Indonesia Perkuat Larangan Ekspor Nikel dan Hilirisasi

 

Ilustrasi : Pengisian Daya Mobil Listrik

Nikel adalah bahan penting untuk produksi sebagian besar baterai yang dapat diisi ulang dan signifikansinya dalam rantai pasokan global telah meningkat secara dramatis seiring dengan upaya mencapai ambisi global net-zero. Mengingat Indonesia adalah produsen bijih nikel terbesar, Presiden Joko Widodo (Jokowi) optimistis memanfaatkan keunggulan ini untuk meningkatkan nilai tambah dalam negeri akibat larangan ekspor bijih nikel.


Penciptaan nilai dalam negeri disebut-sebut sebagai tujuan utama Jokowi. Di atas kertas, dampak dari larangan ekspor ini sangat mengejutkan. Hampir $14 miliar telah diinvestasikan dalam kapasitas pabrik peleburan nikel di Indonesia.
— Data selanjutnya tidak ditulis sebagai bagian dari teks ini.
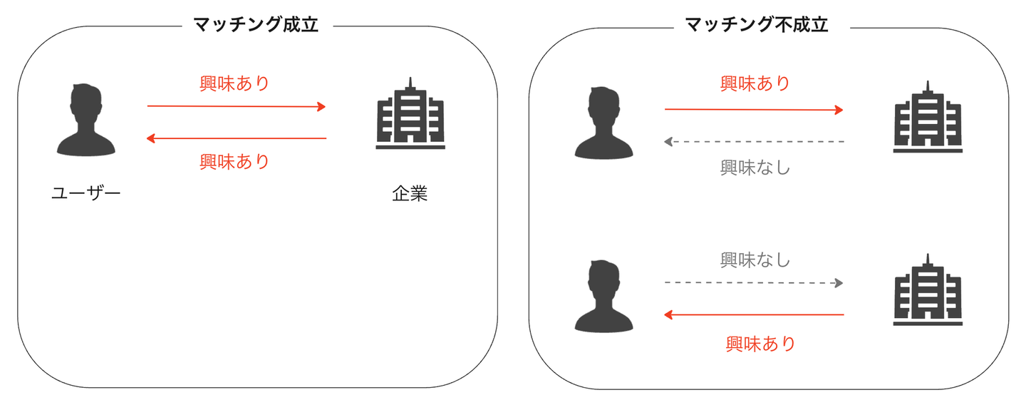 ユーザーはこの一覧ページから自分の興味がある募集をクリックして詳細を読み、もっと詳細を聞きたいと思ったら「話を聞きに行きたい」ボタンを押すことで応募をすることができます。そして応募された企業がユーザーを魅力的に感じたら返信を行い、両者のマッチングが成立します。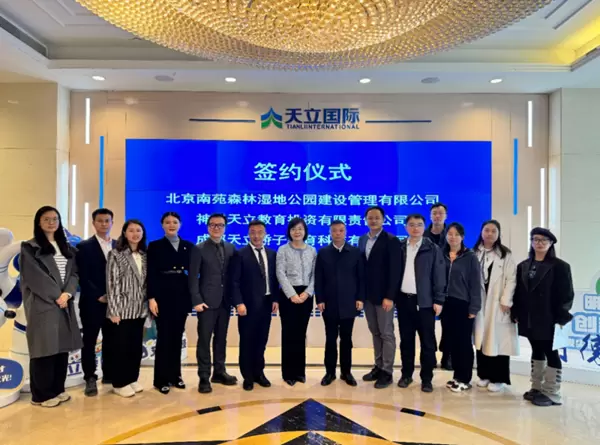 2025年3月14日,天立国际旗下天立教育集团与北京南苑森林湿地公园建设管理有限公司正式签署合作协议,双方将携手将北京南苑森林湿地公园共同打造成集自然教育、生态体验、文化传承于一体的综合性研学基地。

Maluku Utara dan Sulawesi Tengah, provinsi hilir nikel di Indonesia, mengalami tingkat pertumbuhan dua digit pada tahun 2021, terutama didorong oleh investasi di industri ini. Jokowi menyoroti bagaimana larangan tersebut telah menyebabkan peningkatan 30 kali lipat dalam nilai ekspor nikel Indonesia.


Karena Indonesia adalah salah satu eksportir bijih nikel terbesar, larangan tersebut menyebabkan peningkatan harga nikel internasional dan turunannya. Investor smelter kini menikmati harga bijih nikel dalam negeri yang jauh lebih murah dan nilai ekspor logam nikel yang jauh lebih tinggi.


Mengakses pasar UE dan AS kemungkinan besar merupakan sebuah tantangan. Selain masalah lingkungan, keduanya memiliki kebijakan industrinya sendiri. Fakta bahwa Uni Eropa mengambil tindakan hukum terhadap Indonesia atas larangan ekspor nikel dan menang dengan dukungan AS tidak membantu.


Pasar Tiongkok yang lebih besar dan tumbuh lebih cepat merupakan pasar potensial bagi produksi EV Indonesia. Namun kendaraan listrik dengan penjualan tertinggi di Tiongkok menggunakan baterai bebas nikel. Kelangkaan nikel global menciptakan insentif bagi produsen untuk mengurangi atau bahkan menghilangkan kandungan nikel dalam baterai mereka melalui inovasi teknologi.


Pemerintah Indonesia sedang mempertimbangkan untuk mengurangi pajak impor kendaraan listrik untuk mendorong adopsi kendaraan listrik di dalam negeri. Meskipun kebijakan ini dapat membantu tujuan adopsi kendaraan listrik di Indonesia, kebijakan ini bertentangan dengan tujuan hilirisasi nikel. Produsen kendaraan listrik di Indonesia harus bersaing dengan kendaraan listrik impor, yang dapat semakin mengurangi pangsa pasar kendaraan listrik yang diproduksi di dalam negeri dan membuat investor enggan membangun industri kendaraan listrik di Indonesia.


Dengan mempertimbangkan pengurangan pajak impor untuk kendaraan listrik, pemerintah Indonesia secara implisit mengakui bahwa membangun industri kendaraan listrik dalam negeri bertentangan dengan tujuan emisi nol bersih pada tahun 2060. Untuk saat ini, pilihan yang lebih baik adalah fokus pada skuter listrik, yang lebih mudah diproduksi dan lebih terjangkau bagi konsumen dalam negeri. Dengan memanfaatkan pasar ini terlebih dahulu, Indonesia secara bertahap dapat memperluas industri kendaraan listrik yang lebih besar.


Kebijakan perdagangan tetap menjadi kuncinya. Jika pemerintah Indonesia berpendapat bahwa Uni Eropa yang mengajukan gugatan terhadap Indonesia di WTO merupakan bentuk “ekspor paksa”, maka pemerintah Indonesia harus mengambil sikap diplomatis. Jika Indonesia ingin membatasi ekspornya, maka Indonesia tidak boleh mengeluh ketika Uni Eropa memberlakukan kontrol terhadap impornya dari Indonesia. Pemerintah Indonesia perlu memahami sifat timbal balik keanggotaan WTO jika ingin merundingkan masalah ini dengan mitranya.